Because GE has made the required showing, the burden shifts back to Regimbald to show evidence of a pretext. It is here that Regimbald's claims ultimately fail. To rebut a legitimate, non-discriminatory basis of dismissal, a plaintiff is "obliged to produce not simply `some' evidence, but `sufficient evidence to support a rational finding that the legitimate, nondiscriminatory reasons proffered by the employer were false, and that more likely than not [retaliation] was the real reason for the discharge.'" Van Zant v. KLM Royal Dutch Airlines, 80 F.3d 708, 714 (2d Cir. 1996) (quoting Woroski v. Nashua Corp., 31 F.3d 105, 110 (2d Cir. 1994)). Regimbald's evidence does not meet this standard.
Regimbald claims that employees at GE conspired against him and fabricated stories in order to get him fired. He has offered no direct evidence, however, of such a conspiracy. As discussed above, the timing of his firing was close enough to his reporting activity that a reasonable factfinder could, in the absence of other evidence, link the two events. Here, there is clear and substantial evidence showing that the two events were not, in fact, connected, and that Regimbald was fired for his own misconduct.
The fact that Regimbald contests the truthfulness of statements made to GE's investigators does not create a genuine issue of material fact for trial. "[W]here, as here, the nonretaliatory justification is supported by an employer's conclusions following an investigation, a plaintiff cannot escape summary judgment by simply attacking the legitimacy of the employer's findings." Avillan v. Potter, 2006 WL 3103309, at *20 (S.D.N.Y. Nov. 1, 2006). Ultimately, in a case such as this, the relevant inquiry is not whether all of the facts underlying the employer's decision were accurate. Instead, the question is whether, based upon the available information, the employer fired the plaintiff for legitimate, non-retaliatory reasons. Cf. McPherson v. New York City Dep't of Educ., 457 F.3d 211, 216 (2d Cir. 2006) (courts "are decidedly not interested in the truth of the allegations against plaintiff. [They] are interested in what ` motivated the employer'; the factual validity of the underlying imputation against the employee is not at issue.") (quotingUnited States Postal Serv. Bd. of Governors v. Aikens, 460 U.S. 711 (1983) (emphasis in McPherson)).
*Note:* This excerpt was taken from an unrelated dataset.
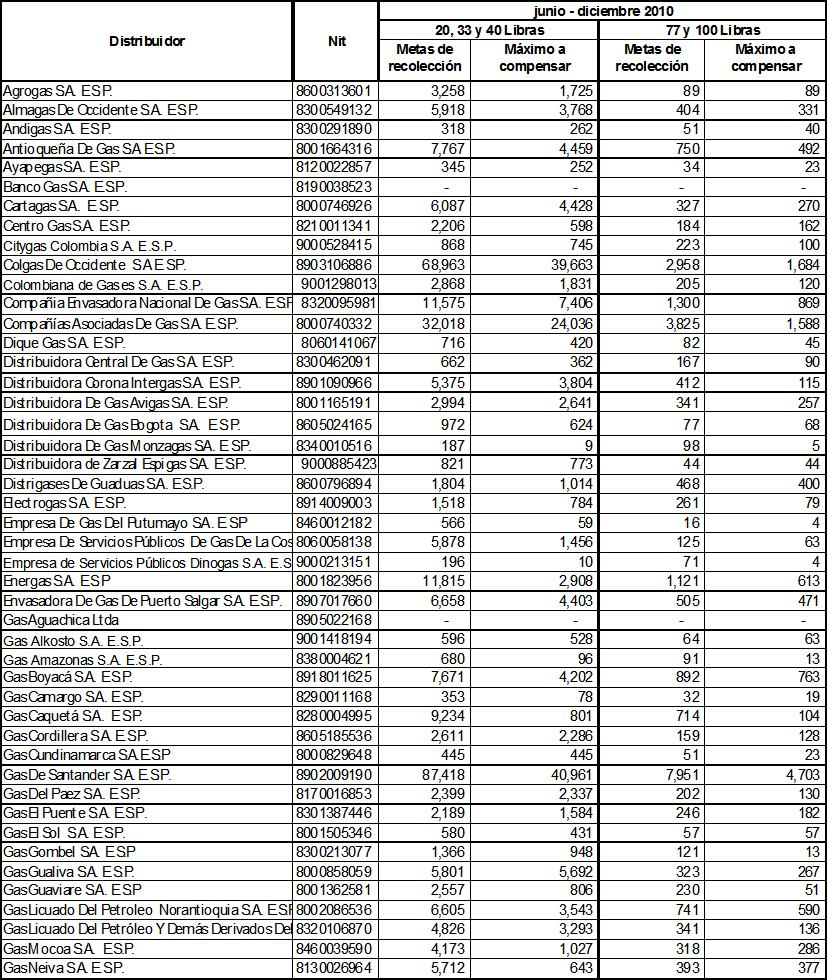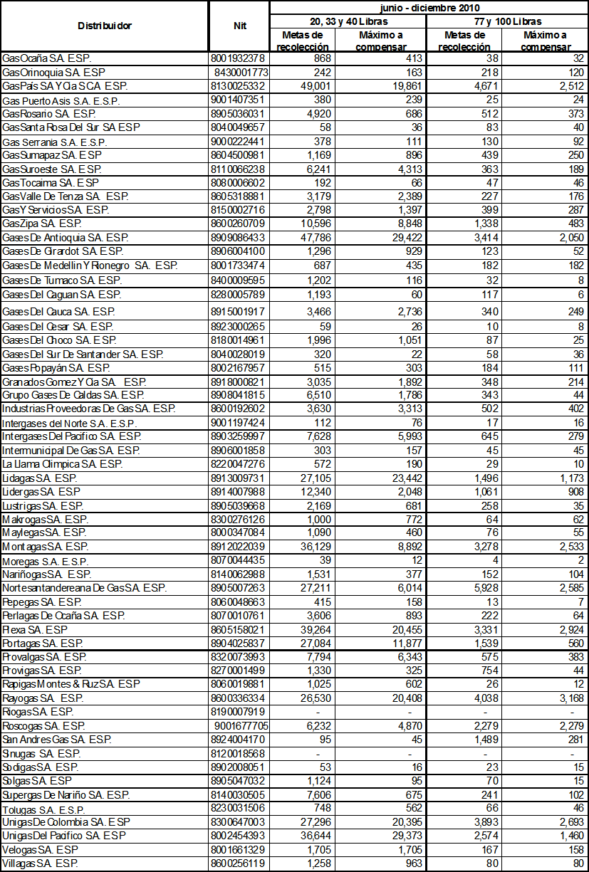 ARTÍCULO 13o. Metas individuales de recolección de cilindros universales a ejecutar durante el período junio a diciembre de 2010. Las metas individuales de recolección de cilindros universales utilizados en la prestación del servicio de GLP, que deben cumplir las empresas distribuidoras de GLP durante el período indicado en este Artículo, serán las siguientes:

In this case, Regimbald has succeeded in setting forth a prima facie case, and contends that his firing was based upon false statement by fellow GE employees. He also contends that his supervisors fired him for reporting mischarging, but offers only speculation in support of this claim. GE has presented sufficient evidence to support its contention that Regimbald was fired for non-retaliatory reasons, and Regimbald has failed to rebut this evidence with his own showing of pretext. Therefore, based upon the evidence presented by the parties, and drawing all reasonable inferences in Regimbald's favor, the Court concludes that no reasonable juror could find that GE's stated grounds for termination were a pretext for retaliation. See, e.g., Holt v. KMI-Continental, Inc., 95 F.3d 123, 130-31 (2d Cir. 1996) (affirming summary judgment where plaintiff's only showing of pretext was temporal proximity and the defendant asserted that it fired plaintiff for documented poor performance). GE's motion for summary judgment is, therefore, GRANTED.
Conclusion
For the reasons set forth above, GE's motion for summary judgment (Paper 45) is GRANTED. GE's motion to strike Regimbald's affidavit (Paper 57) is DENIED, and this case is DISMISSED.
Dated at Burlington, in the District of Vermont.